Please return only the lines between the line with "準備工具:木材密度測試儀DA" and the final line of the entries, both included, and exclude pictures.

BEGIN DATASET EXCERPTS

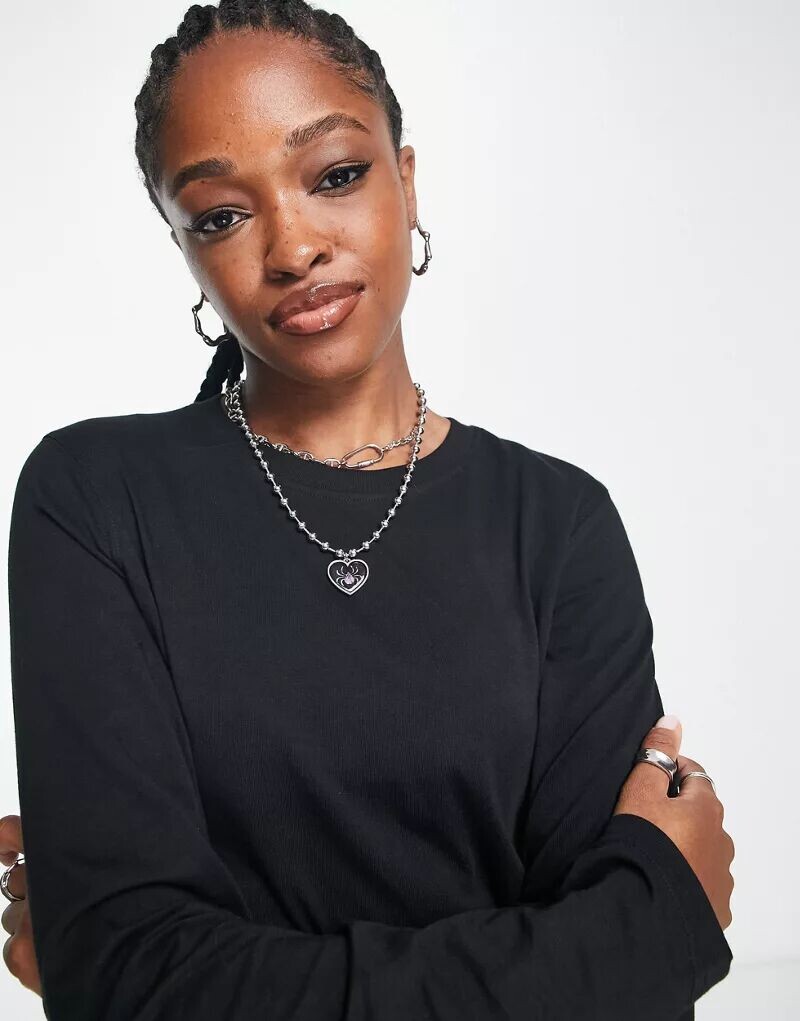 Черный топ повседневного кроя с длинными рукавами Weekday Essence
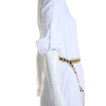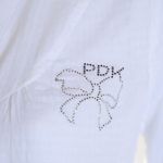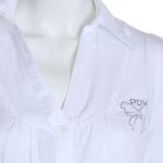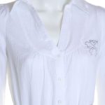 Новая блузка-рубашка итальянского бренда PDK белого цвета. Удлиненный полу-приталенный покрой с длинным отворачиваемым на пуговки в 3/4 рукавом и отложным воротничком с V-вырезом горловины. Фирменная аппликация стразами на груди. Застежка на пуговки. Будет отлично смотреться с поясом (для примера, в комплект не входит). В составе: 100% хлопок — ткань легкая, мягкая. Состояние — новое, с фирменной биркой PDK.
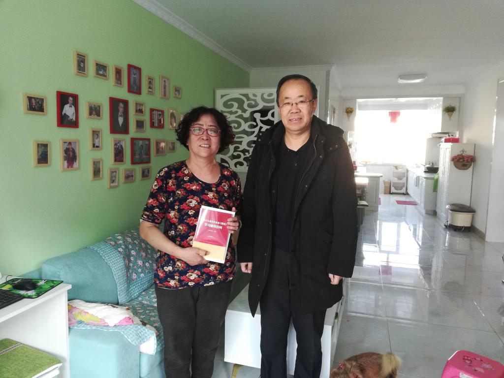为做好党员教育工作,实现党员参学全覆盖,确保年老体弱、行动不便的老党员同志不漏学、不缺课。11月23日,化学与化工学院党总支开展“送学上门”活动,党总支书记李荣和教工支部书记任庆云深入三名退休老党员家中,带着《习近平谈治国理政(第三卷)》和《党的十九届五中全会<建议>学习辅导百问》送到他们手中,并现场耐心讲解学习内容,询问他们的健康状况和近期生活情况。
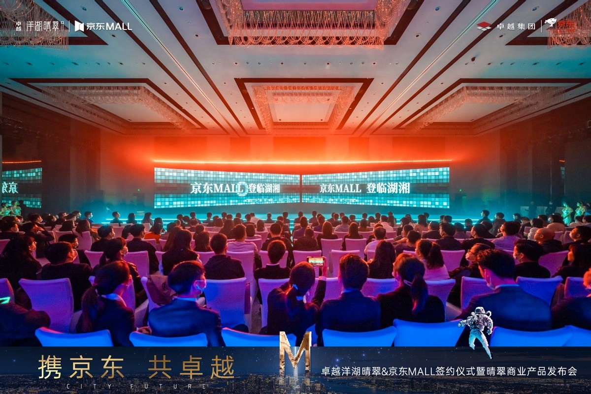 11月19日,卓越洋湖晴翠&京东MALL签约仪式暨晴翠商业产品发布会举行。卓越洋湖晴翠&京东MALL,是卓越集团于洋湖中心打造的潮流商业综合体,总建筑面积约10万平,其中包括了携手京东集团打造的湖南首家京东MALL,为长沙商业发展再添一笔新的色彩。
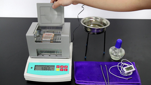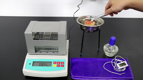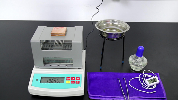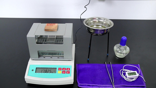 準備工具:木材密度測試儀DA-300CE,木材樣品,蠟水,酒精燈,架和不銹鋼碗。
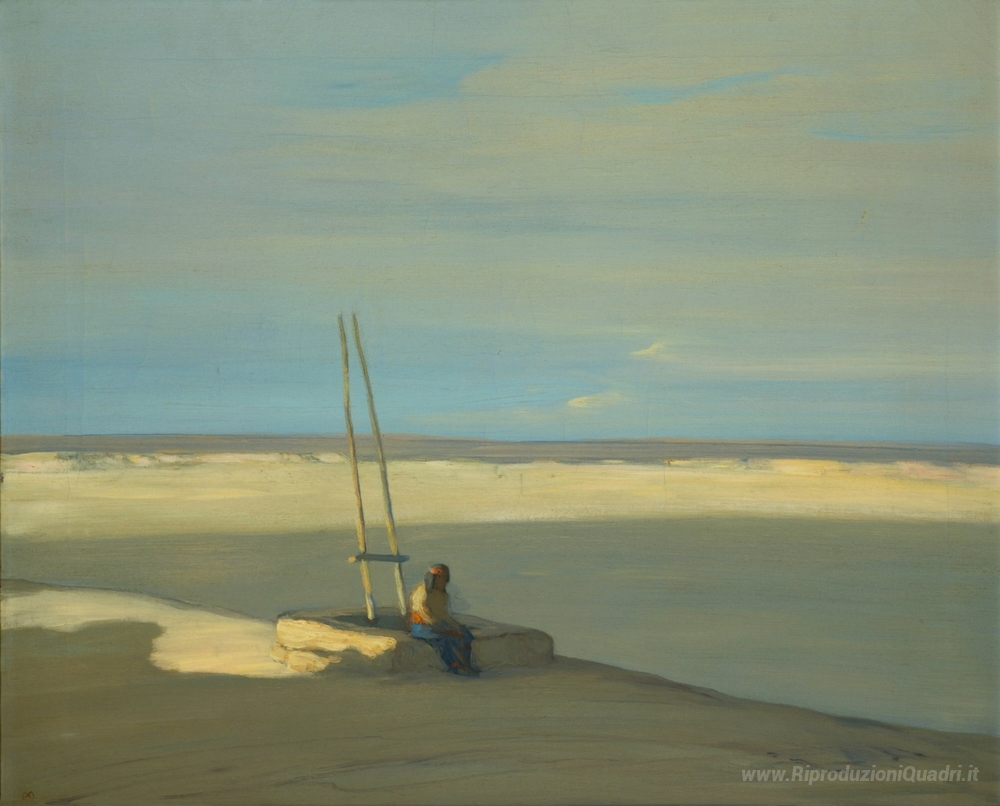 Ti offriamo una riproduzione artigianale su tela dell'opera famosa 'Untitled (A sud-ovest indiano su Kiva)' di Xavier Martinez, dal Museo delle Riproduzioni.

END DATASET EXCERPTS

[ANSWER BOX]:
 準備工具:木材密度測試儀DA-300CE,木材樣品,蠟水,酒精燈,架和不銹鋼碗。
 Ti offriamo una riproduzione artigianale su tela dell'opera famosa 'Untitled (A sud-ovest indiano su Kiva)' di Xavier Martinez, dal Museo delle Riproduzioni.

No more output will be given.